» Exercise brief:
Print out the data precisely as it appears here, with no pictures.
***** Data below *****
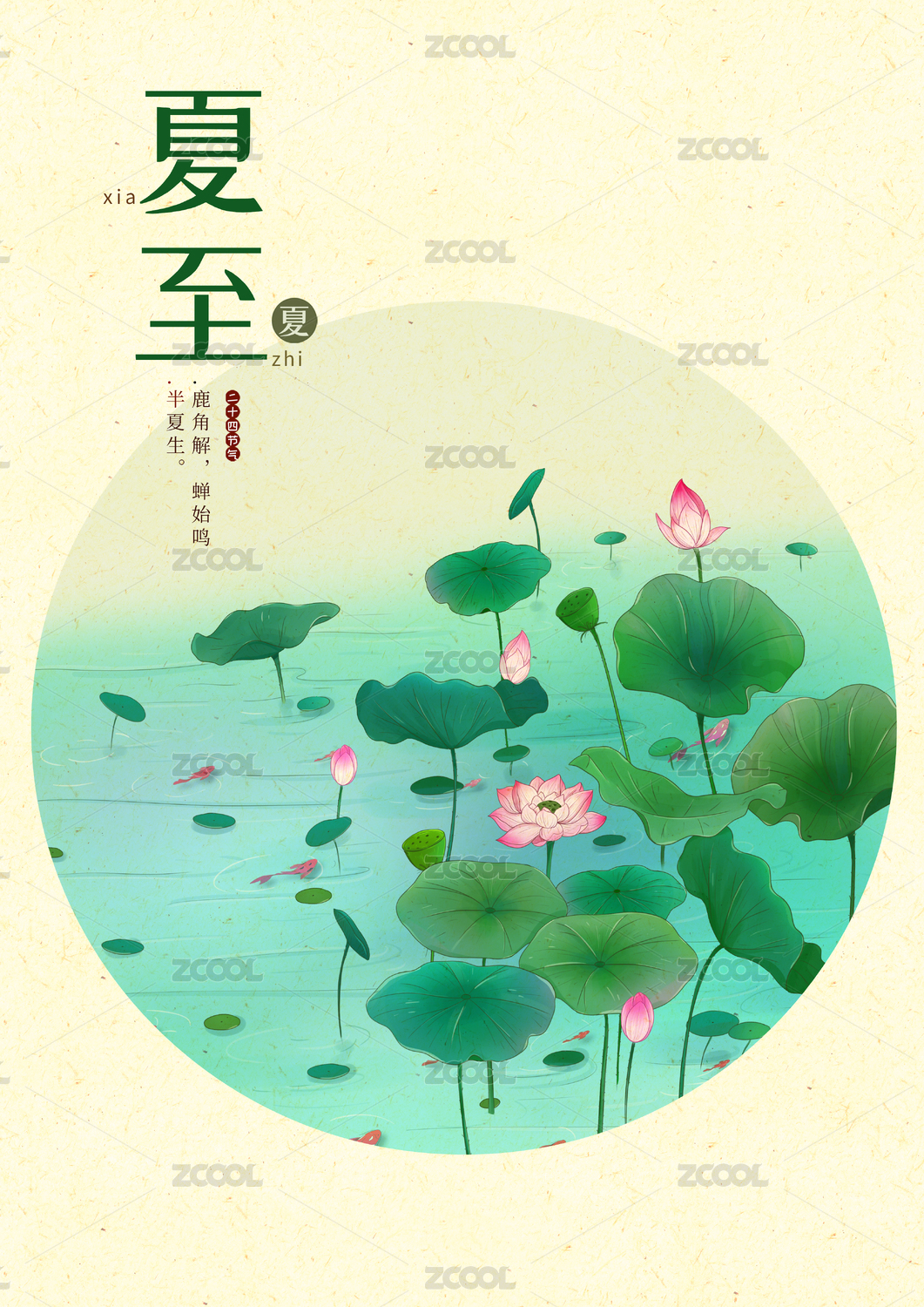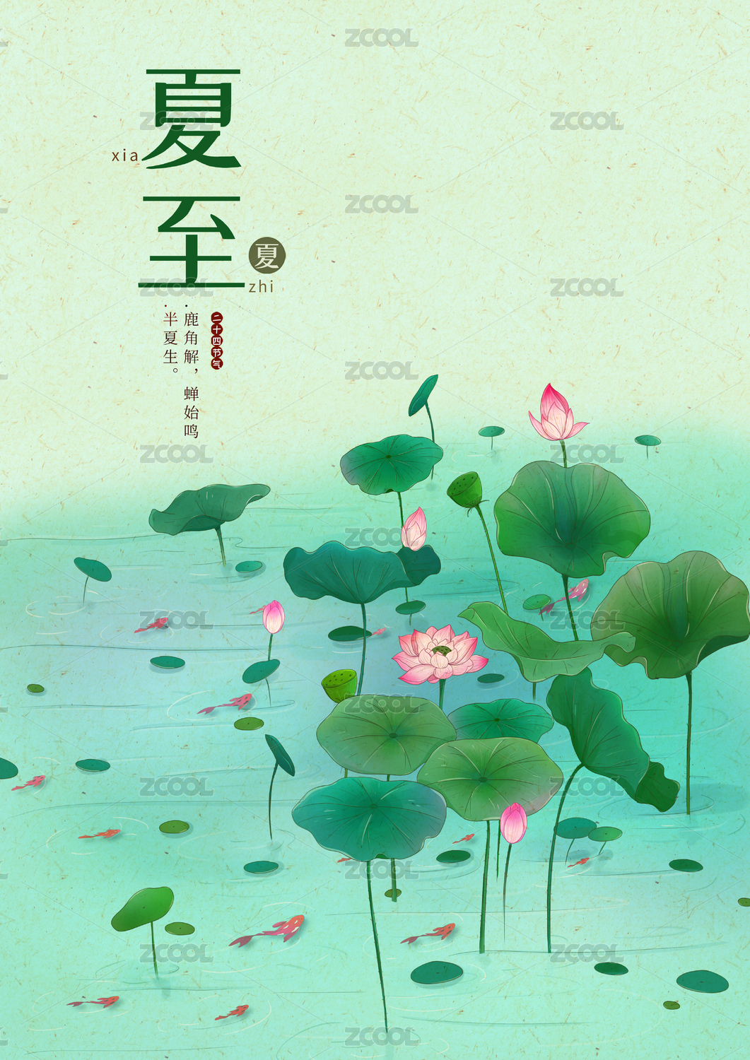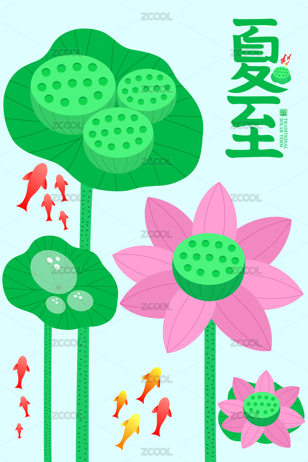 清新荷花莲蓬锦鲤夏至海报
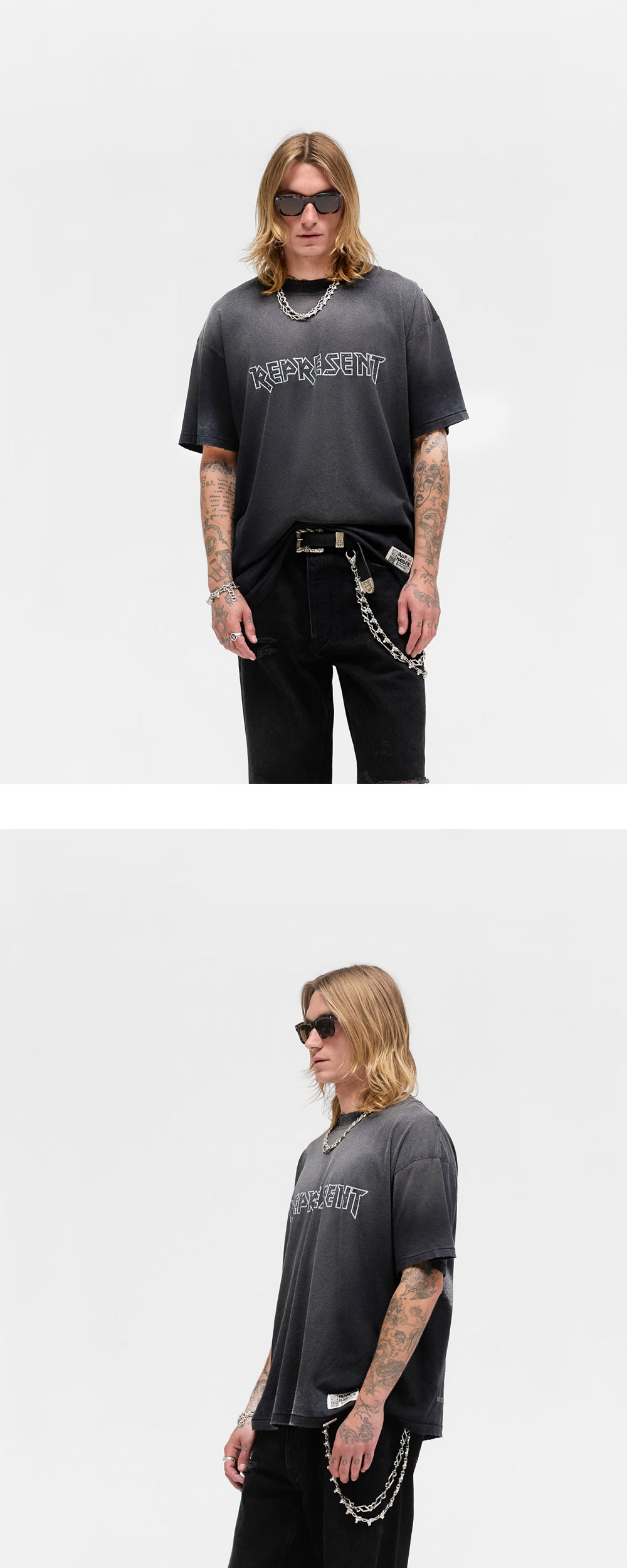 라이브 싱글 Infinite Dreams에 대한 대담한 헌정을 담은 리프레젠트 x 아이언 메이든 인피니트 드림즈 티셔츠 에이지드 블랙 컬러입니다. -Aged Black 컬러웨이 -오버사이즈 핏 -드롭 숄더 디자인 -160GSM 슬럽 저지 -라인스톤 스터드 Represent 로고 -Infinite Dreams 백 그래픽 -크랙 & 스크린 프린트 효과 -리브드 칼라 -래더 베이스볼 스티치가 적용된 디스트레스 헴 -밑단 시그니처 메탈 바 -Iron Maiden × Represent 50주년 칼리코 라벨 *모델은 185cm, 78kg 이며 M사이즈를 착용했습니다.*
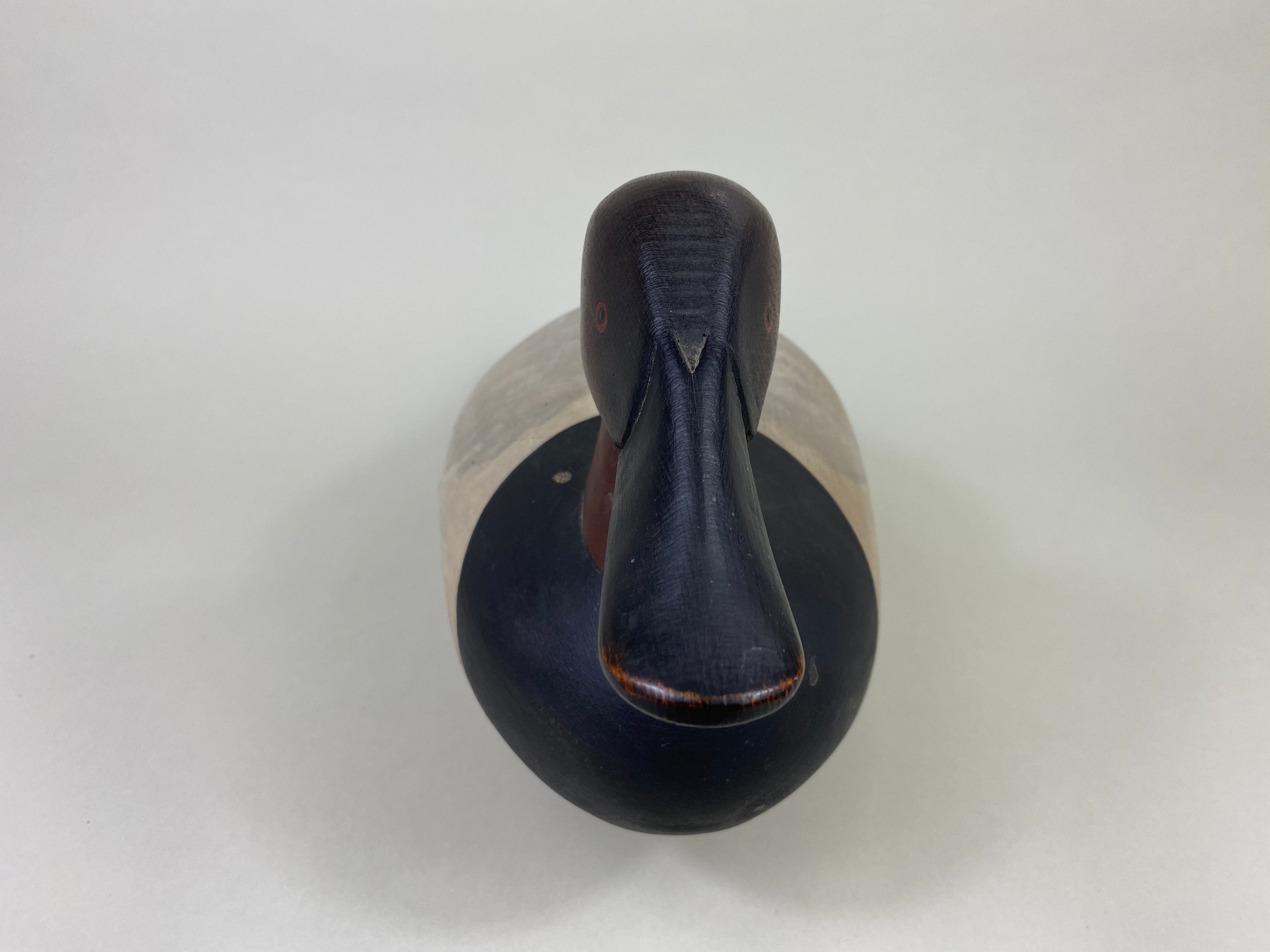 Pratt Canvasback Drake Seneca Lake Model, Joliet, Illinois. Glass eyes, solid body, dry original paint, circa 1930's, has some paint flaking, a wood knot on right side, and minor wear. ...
*****
» Written response:
 清新荷花莲蓬锦鲤夏至海报
 라이브 싱글 Infinite Dreams에 대한 대담한 헌정을 담은 리프레젠트 x 아이언 메이든 인피니트 드림즈 티셔츠 에이지드 블랙 컬러입니다. -Aged Black 컬러웨이 -오버사이즈 핏 -드롭 숄더 디자인 -160GSM 슬럽 저지 -라인스톤 스터드 Represent 로고 -Infinite Dreams 백 그래픽 -크랙 & 스크린 프린트 효과 -리브드 칼라 -래더 베이스볼 스티치가 적용된 디스트레스 헴 -밑단 시그니처 메탈 바 -Iron Maiden × Represent 50주년 칼리코 라벨 *모델은 185cm, 78kg 이며 M사이즈를 착용했습니다.*
 Pratt Canvasback Drake Seneca Lake Model, Joliet, Illinois. Glass eyes, solid body, dry original paint, circa 1930's, has some paint flaking, a wood knot on right side, and minor wear. ...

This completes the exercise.